> EXERCISE
Give back each entry word for word, but drop the images.

> SOURCE DATA
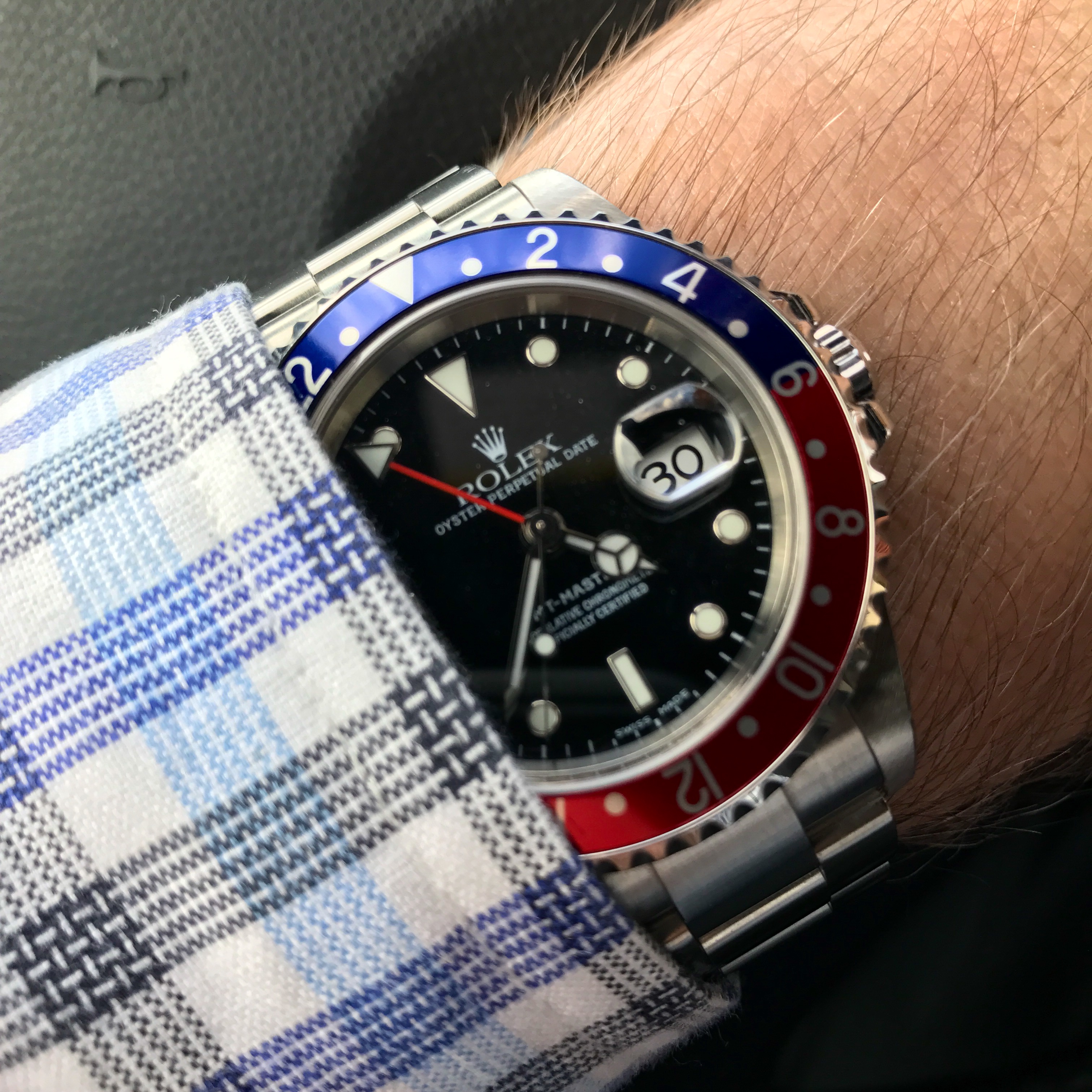 Posts 598 Likes 3,196 Aussie Jim ·Dec 1, 2016 Darlinboy Wet & windy weather... Pepsi GMT and blue shirt. Winning combination.
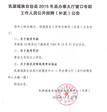 2015廣東乳源縣辦事大廳窗口專職人員招聘補充公告
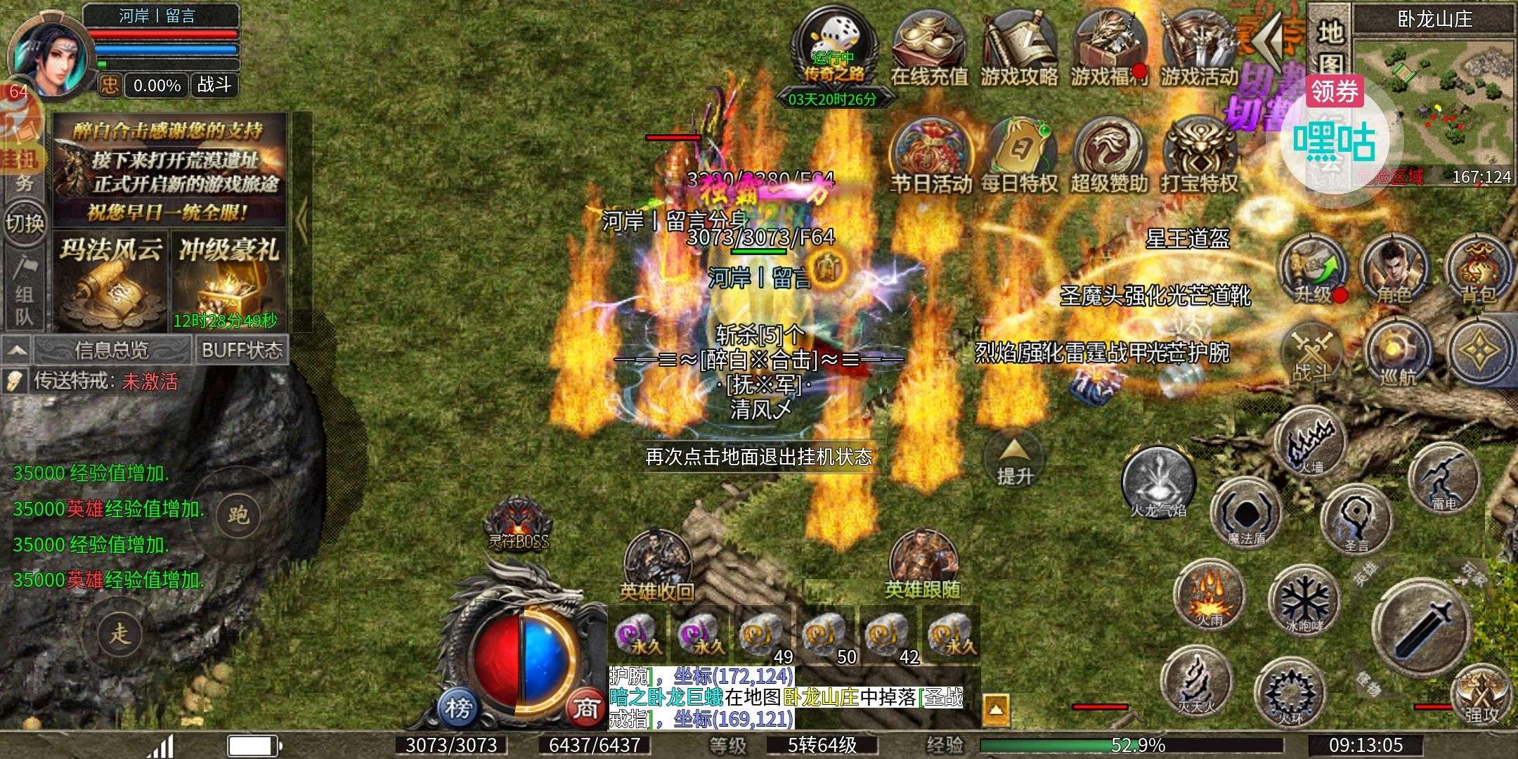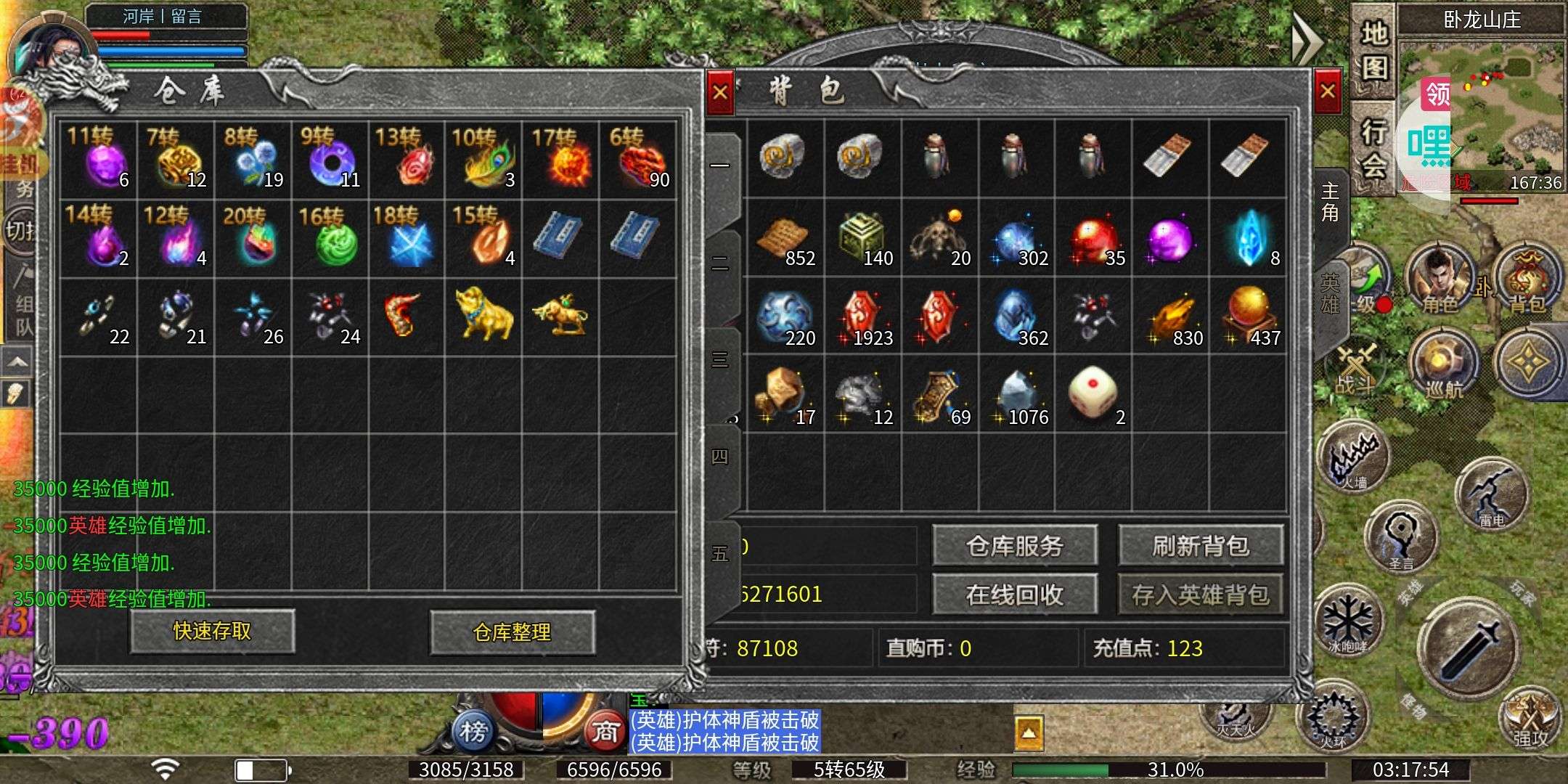 双70 ,打宝特权已开,冠名称号传送戒指都有,灵符元宝材料号上都有
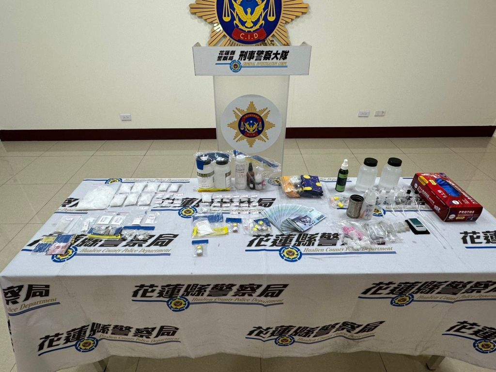 花蓮縣警察局刑事警察大隊在臺灣花蓮地方檢察署檢察官指揮下,日前持臺灣花蓮地方法院核發之搜索票,於花蓮市兩處地點同步展開緝毒行動,成功查扣一級毒品海洛因6包(毛重19.77公克)、二級毒品安非他命30包(毛重478.59公克)、依托咪酯原料1包(毛重20.11公克)、依托咪酯菸油8罐(毛重1143.08公克)、喪屍菸彈及毒咖啡包等多種毒品,以及相關分裝器具、行動電話與現金新臺幣8萬1,000元,展現警方掃蕩毒害的決心與行動力。
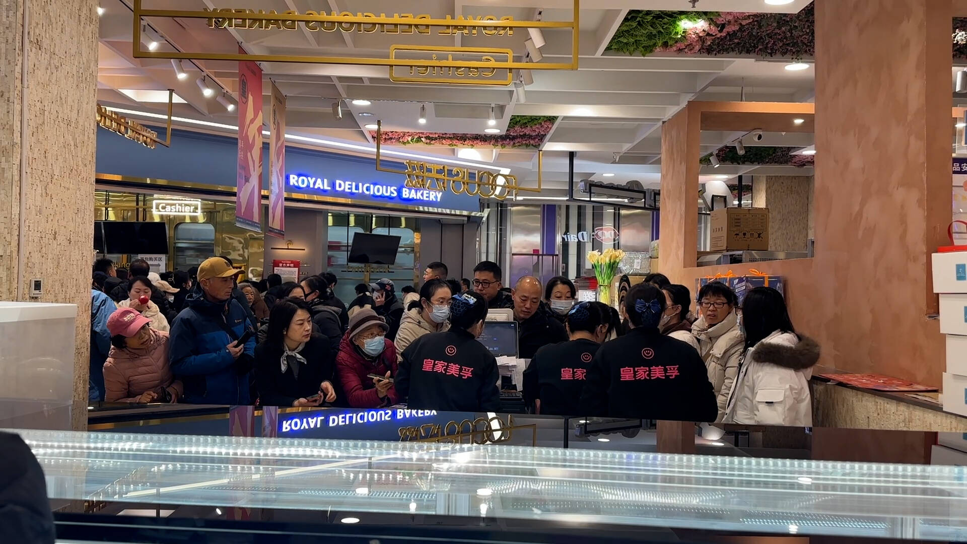 记者在皇家美孚永旺梦乐城店发现,门店内部被消费者围得水泄不通,货架上空空如也,等待购买的市民已经排成了长长的一队。有买到面包的消费者告诉记者,他们都是9点前就来这里排队的。通过透明玻璃可以看到门店内部还有工作人员正在制作蛋糕面包,但由于排队人数过多,门店已经采取限购措施,一人只能购买两个面包,蛋糕也只制作预订单。
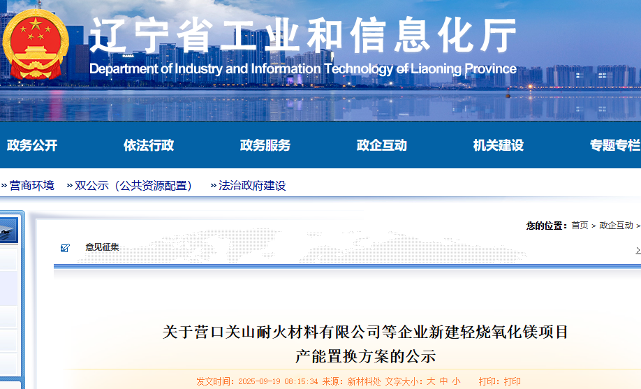 按照《遼寧省人民政府辦公廳關(guān)于推進菱鎂行業(yè)高質(zhì)量發(fā)展的實施意見》(遼政辦發(fā)〔2023〕15號)、《遼寧省菱鎂礦浮選及鎂砂行業(yè)產(chǎn)能置換辦法》(遼工信建材〔2024〕18號)要求,根據(jù)菱鎂行業(yè)專項整治工作進展,經(jīng)企業(yè)申請、市工信部門初審、我廳審核,現(xiàn)將營口關(guān)山耐火材料有限公司等企業(yè)新建輕燒氧化鎂項目產(chǎn)能置換方案予以公示,公示期10個工作日。
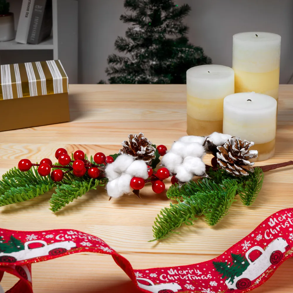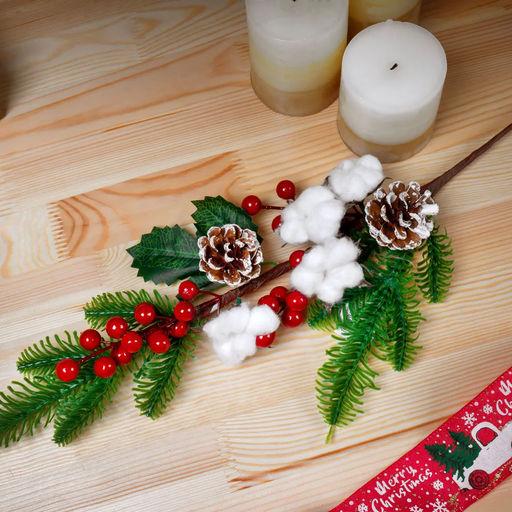 Эта новогодняя ветка подойдет для декорирования в самых разных стилях — от классического до современного. Вы можете использовать ее для создания оригинальных композиций на столе, украшения елки или оформления стен. Благодаря своим размерам, она легко впишется в любое праздничное оформление, добавив нотку уюта и стиля.
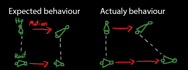 Before my root motion system allowed animations under the control of root motion to phase through walls. I have changed it, so this doesn’t happen. I don’t know the way to explain it, but it works exactly how you would intuitively expect it to now. Alongside this I fixed the root bone of the boss enemy. It seems blender’s copy location constraint doesn’t really work properly when exported into unity. I’m not exactly sure if it’s a rotation thing or a position double dipping thing (Below is diagram of issue) but I kept those constraints and parented the root bone to the hip. This seems to solve the problem entirely, but I imagine there could be some unforeseen consequences of it.

> EXERCISE RESPONSE
 Posts 598 Likes 3,196 Aussie Jim ·Dec 1, 2016 Darlinboy Wet & windy weather... Pepsi GMT and blue shirt. Winning combination.
 2015廣東乳源縣辦事大廳窗口專職人員招聘補充公告
 双70 ,打宝特权已开,冠名称号传送戒指都有,灵符元宝材料号上都有
 花蓮縣警察局刑事警察大隊在臺灣花蓮地方檢察署檢察官指揮下,日前持臺灣花蓮地方法院核發之搜索票,於花蓮市兩處地點同步展開緝毒行動,成功查扣一級毒品海洛因6包(毛重19.77公克)、二級毒品安非他命30包(毛重478.59公克)、依托咪酯原料1包(毛重20.11公克)、依托咪酯菸油8罐(毛重1143.08公克)、喪屍菸彈及毒咖啡包等多種毒品,以及相關分裝器具、行動電話與現金新臺幣8萬1,000元,展現警方掃蕩毒害的決心與行動力。
 记者在皇家美孚永旺梦乐城店发现,门店内部被消费者围得水泄不通,货架上空空如也,等待购买的市民已经排成了长长的一队。有买到面包的消费者告诉记者,他们都是9点前就来这里排队的。通过透明玻璃可以看到门店内部还有工作人员正在制作蛋糕面包,但由于排队人数过多,门店已经采取限购措施,一人只能购买两个面包,蛋糕也只制作预订单。
 按照《遼寧省人民政府辦公廳關(guān)于推進菱鎂行業(yè)高質(zhì)量發(fā)展的實施意見》(遼政辦發(fā)〔2023〕15號)、《遼寧省菱鎂礦浮選及鎂砂行業(yè)產(chǎn)能置換辦法》(遼工信建材〔2024〕18號)要求,根據(jù)菱鎂行業(yè)專項整治工作進展,經(jīng)企業(yè)申請、市工信部門初審、我廳審核,現(xiàn)將營口關(guān)山耐火材料有限公司等企業(yè)新建輕燒氧化鎂項目產(chǎn)能置換方案予以公示,公示期10個工作日。
 Эта новогодняя ветка подойдет для декорирования в самых разных стилях — от классического до современного. Вы можете использовать ее для создания оригинальных композиций на столе, украшения елки или оформления стен. Благодаря своим размерам, она легко впишется в любое праздничное оформление, добавив нотку уюта и стиля.
 Before my root motion system allowed animations under the control of root motion to phase through walls. I have changed it, so this doesn’t happen. I don’t know the way to explain it, but it works exactly how you would intuitively expect it to now. Alongside this I fixed the root bone of the boss enemy. It seems blender’s copy location constraint doesn’t really work properly when exported into unity. I’m not exactly sure if it’s a rotation thing or a position double dipping thing (Below is diagram of issue) but I kept those constraints and parented the root bone to the hip. This seems to solve the problem entirely, but I imagine there could be some unforeseen consequences of it.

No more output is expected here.